» Activity
Give back, word for word, the lines in the listing below from the one holding "Bharni: These paintings" down to the one holding "190803 | 查看详情 |", both ends included.

___ Supplied material

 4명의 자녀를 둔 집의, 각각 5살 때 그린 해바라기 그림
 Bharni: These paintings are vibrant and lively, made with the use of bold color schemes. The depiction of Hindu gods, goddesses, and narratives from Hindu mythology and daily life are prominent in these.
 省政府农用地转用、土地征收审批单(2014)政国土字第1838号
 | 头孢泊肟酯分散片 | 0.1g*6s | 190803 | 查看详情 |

______
___ Supplied material

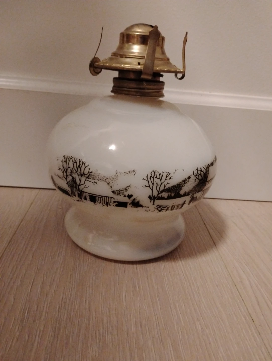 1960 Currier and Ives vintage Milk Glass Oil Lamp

______

» Result below
 Bharni: These paintings are vibrant and lively, made with the use of bold color schemes. The depiction of Hindu gods, goddesses, and narratives from Hindu mythology and daily life are prominent in these.
 省政府农用地转用、土地征收审批单(2014)政国土字第1838号
 | 头孢泊肟酯分散片 | 0.1g*6s | 190803 | 查看详情 |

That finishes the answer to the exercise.